Governo e religião. Por Antônio Delfim Neto – Heron Cid
Bastidores

Governo e religião. Por Antônio Delfim Neto

5 de dezembro de 2018 às 13h00
Bolsonaro em oração com Magno Malta antes do primeiro discurso como presidente eleito (Reprodução: Youtube)

Provavelmente, nem a arrogância do mais pretensioso intelectual permita-lhe afirmar que as mais recentes descobertas científicas deem uma resposta aceitável ao problema fundamental que o homem se colocou desde sempre: qual o significado do universo que o cerca e qual o seu papel nele?

Como tinha necessidade intrínseca de encontrá-la, uma vez que a sua própria sobrevivência física dependia da natureza dessa resposta, procurou conforto numa “crença”, numa “religião”, que estabelece a ordem, a estabilidade e a previsibilidade nas relações sociais, produzidas por restrições às ações de cada um, dispostas por um ser divino benevolente que controla a ordem do mundo.
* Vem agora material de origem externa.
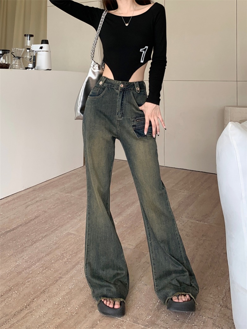 Home > 牛仔裤、长裤 > FA49420# 微喇叭牛仔裤女高腰秋冬新款复古显瘦弹力直筒宽松拖地长裤 服裝批發女裝批發服飾貨源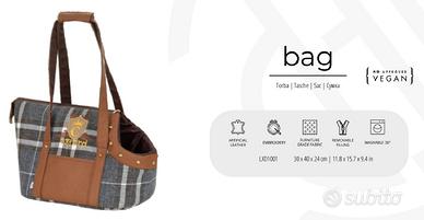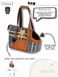 Dimensione 30 × 40 × 24cm Comoda borsa realizzata in tessuto resistente a danni e sporco. Ogni volta che vi sposterete, garantiranno al vostro piccolo amico un trasporto sicuro. Materiali di alta qualità, combinazione di tessuto a quadretti e similpelle con ricami esclusivi.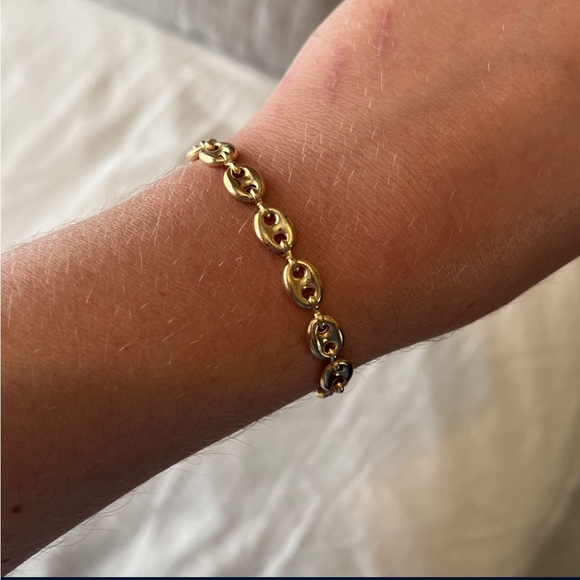 Very on trend right now! This beautiful bracelet is very light and made of stainless steel with 18k gold plating. Only worn a handful of times and in almost new condition. Will come with original jewelry bag. Reasonable offers welcome 😊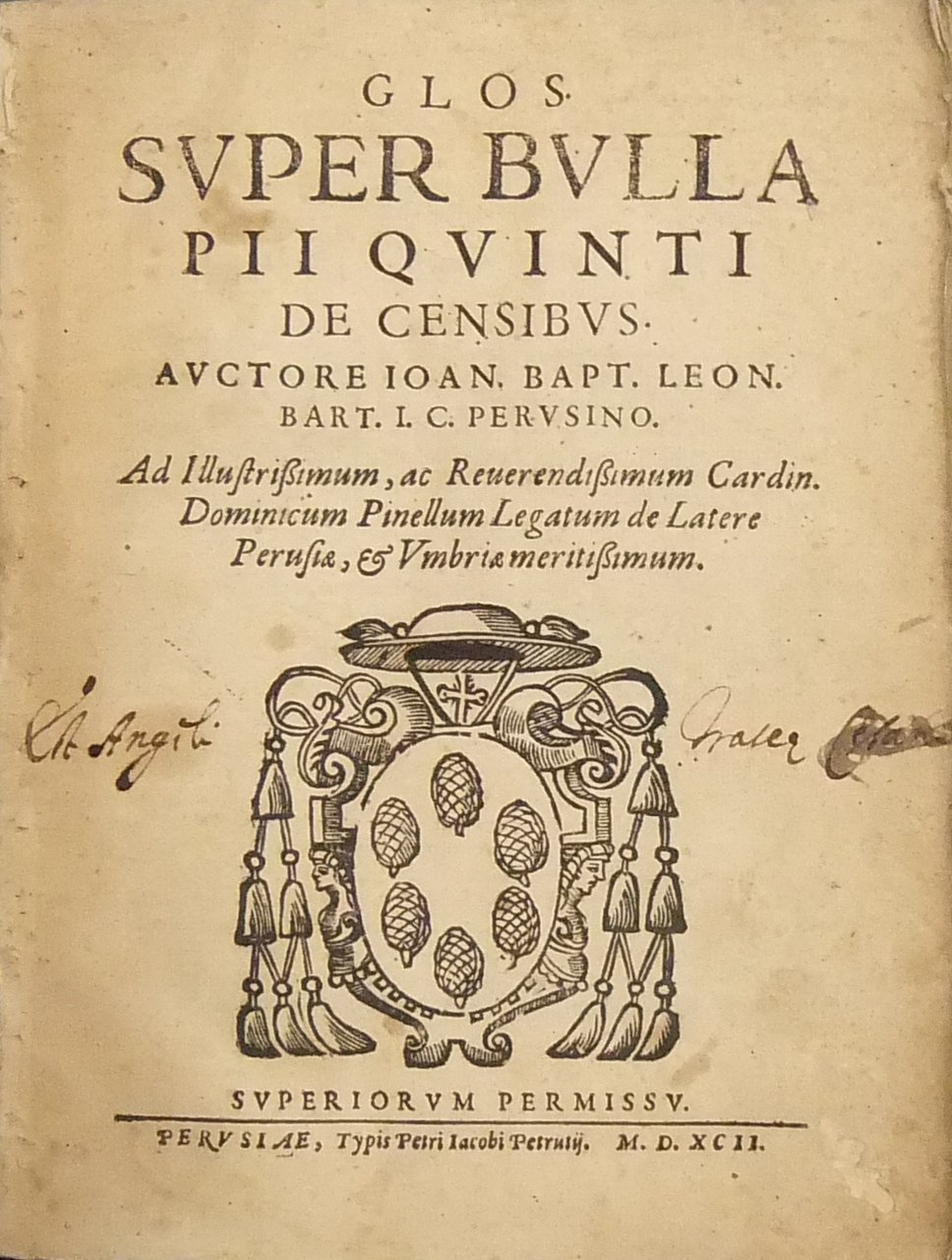 Glos. super bulla Pii Quinti de censibus Auctore Ioan. Bapt. Leon. Bart. I.C. Perusino. UNITO A: Glos. super bulla Pii quarti de societate officiorum Auctore Ioan. Bapt. Leon. Bart. I.C. Perusino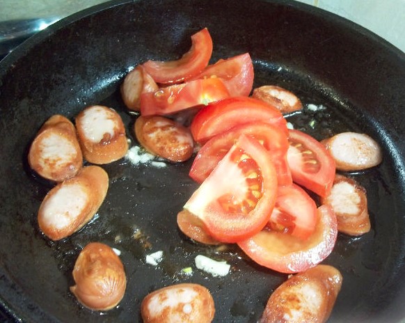 Peel the garlic, wash and chop finely with a knife. When the sausages are golden, send the chopped garlic to them. Wash the tomatoes, cut them into half rings, and put them in the pan immediately.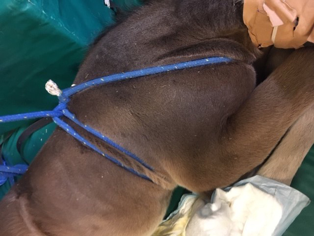 In case of the second cause, rebirth may work well. Esther explains: “During the pregnancy, foals are kept in a sleeping state by a certain hormone. This prevents them from moving too much around the womb and causing harm to the mare. During normal parturition, the hormonal composition changes – probably because of the pressure of passing through the pelvic canal – which wakes up the foal, so it will stand up and try to drink. In case of a quick birth or Cesarean section there may have been too little pressure and the change in hormones may be absent, as a result the foal may remain in a quiescent state. The past few years, the phenomenon rebirth and foal squeezing has been researched and found beneficial in these cases. It is a special technique using a simple rope harnass to mimick the pressure experienced during normal parturition. It is not effective in all foals, but for some it works very well. The foal appears to fall asleep, as if it’s in the mare again. Then it wakes up and the pressure is released. If all goes well, the foal will stand up to nurse. It has a good chance of growing up normally and healthy.”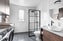 Helkaklade väggar i vitt och mörkgrått klinkergolv. Duschplats med fast duschvägg i industriglas med spröjsade svarta profiler. Golvstående wc. Kommod i träton med ovanpåliggande tvättställ och svart blandare, spegel ovan samt överskåp. Tvättdel med tvättmaskin och torktumlare med bänkskiva ovan som ger arbetsyta samt väggskåp för extra förvaring. Fönster för dagsljus och vädring.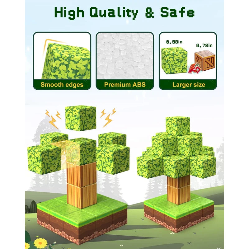 Crecí con los mundos pixelados de Minecraft, donde la creatividad no tenía límites. Inspirado por esto, me propuse desarrollar bloques de construcción magnéticos que dieran vida a estos paisajes digitales. El objetivo era simple: crear un set que permitiera a los niños construir, explorar e imaginar, igual que en el juego, pero con bloques de construcción reales en sus manos.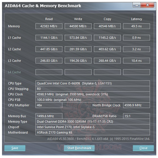 ค่า Memory Read, Write ก็ทำออกมาได้ดีครับอยู่ที่ Read 42383MB/s และ Write 44590MB/s แรงทั้งการอ่านและเขียนเลยครับ แรงเยี่ยมเลยครับ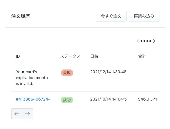 決済が失敗した場合、注文履歴を見ることで決済が失敗したタイミングを確認できます。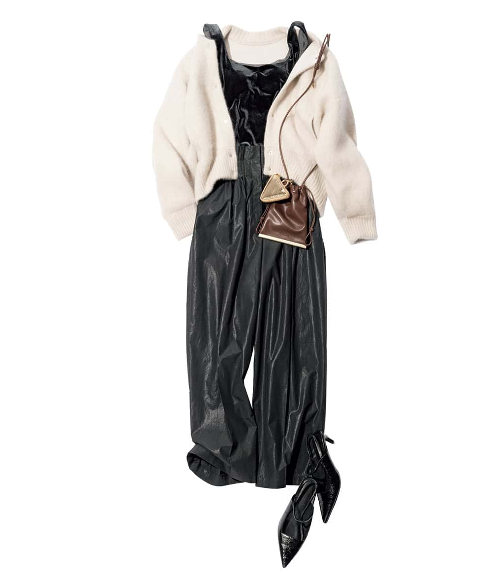 ベロアパッドタンクトップ¥13,200 ウエストピンタックパンツ¥26,400 カーディガン¥38,500 マルチショルダーバッグ¥13,200 ポインテッドトウミュール¥20,900(すべてELENDEEK)アクセサリー(スタイリスト私物)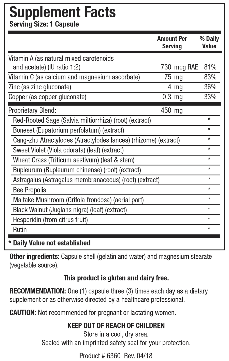 Vitamin A (as natural mixed carotenoids and palmitate) (IU ratio 1:2), Vitamin C (as calcium and magnesium ascorbate), Zinc (as zinc gluconate), Copper (as copper gluconate), Red-Rooted Sage (Salvia miltiorrhiza) (root) (extract), Boneset (Eupatorium perfolatum) (extract), Cang-zhu Atractylodes (Atractylodes lancea) (rhizome) (extract), Sweet Violet (Viola odorata) (leaf) (extract), Wheat Grass (Triticum aestivum) (leaf & stem), Bupleurum (Bupleurum chinense) (root) (extract), Astragalus (Astragalus membranaceous) (root) (extract), Bee Propolis, Maitake Mushroom (Grifola frondosa) (aerial part), Black Walnut (Juglans nigra) (leaf) (extract), Hesperidin (from citrus fruit), Rutin.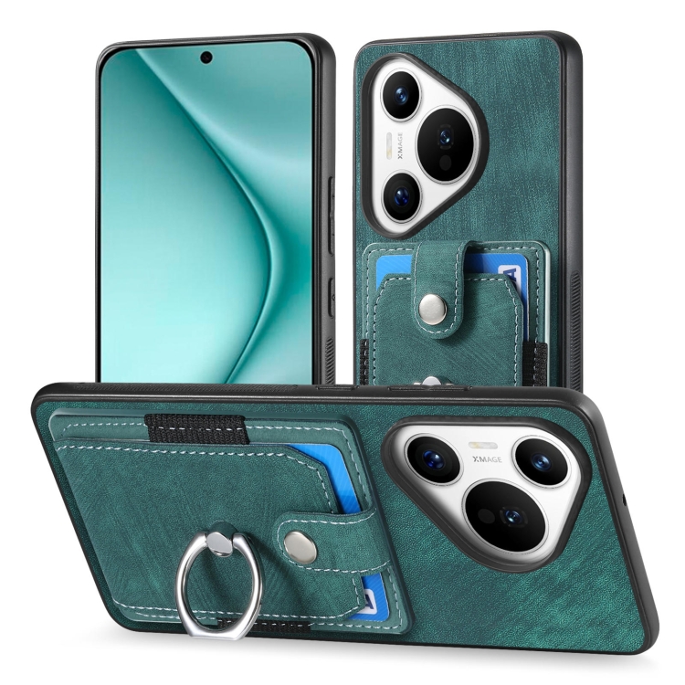 - 1x Funda para Teléfono Huawei Pura 70 Pro con Tarjetero y Anillo Tacto de Piel (Verde)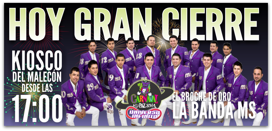 Los paceños esperan el gran cierre con broche de oro del Carnaval La Paz 2014 con la presentación estelar de la Banda MS. Juventud, versatilidad, explosividad y talento son las palabras con las podemos definir a la Banda MS. En sus presentaciones los chicos de esta agrupación son increíbles, ya que ponen al público entero a corear todas sus canciones, a bailar a su incomparable ritmo, y porque no, también a llorar con sus letras tan románticas, destacó Aguilar Bazúa.

Trata-se de um sentimento profundo e robusto —isto é, de uma fé— que dispensa qualquer prova material porque conforta e dá esperanças ao seu portador. Foi esse o papel da Igreja Católica durante muitos anos, antes de que ela se “intelectualizasse” e se afastasse do povo.

É preciso —sem preconceitos— reconhecer que seu lugar hoje é ocupado pelas igrejas evangélicas, cujo sucesso é a prova material de que estão mais antenadas com as novas realidades.

O conhecimento “científico” (isto é, a ciência) exige o oposto: a dúvida permanente, a busca interminável de recusar o que se supõe conhecido e aceitá-lo, provisoriamente, enquanto não for negado empiricamente. Como disse Popper, “o homem não pode conhecer, mas apenas conjecturar”.

Não há, necessariamente, nenhuma contradição entre essas atitudes. É possível ser, ao mesmo tempo, um bom católico, um honesto protestante pentecostal ou um gentil muçulmano na vida privada (o que exige humildade) e um brilhante cientista da vida pública (orgulhoso de seus feitos), desde que estas esferas continuem separadas.

A confusão entre elas anula as suas virtudes e pode ter consequências desagradáveis.

A ação pública resolve-se no campo da política que procura a solução dos conflitos através do razoável consenso coletivo, do respeito à opinião do “outro” e da recusa a todo abuso de poder que discrimine minorias em resposta ao “pretendido” conhecimento da “vontade da maioria”. O seu instrumento é a construção de uma república democrática sem adjetivos, como a que está implícita na Constituição de 1988.

Um exemplo dessa confusão é a intromissão dos evangélicos nas políticas públicas de gênero. É melhor respeitar e deixar cada um a vida privada que mais o conforta.

Bolsonaro foi eleito por um velho movimento cíclico de “mudar tudo o que está aí”, que se repete de tempos em tempos. Torçamos para que o cumpra e não meta a religião na política pública, o que pode desviá-lo de seu objetivo.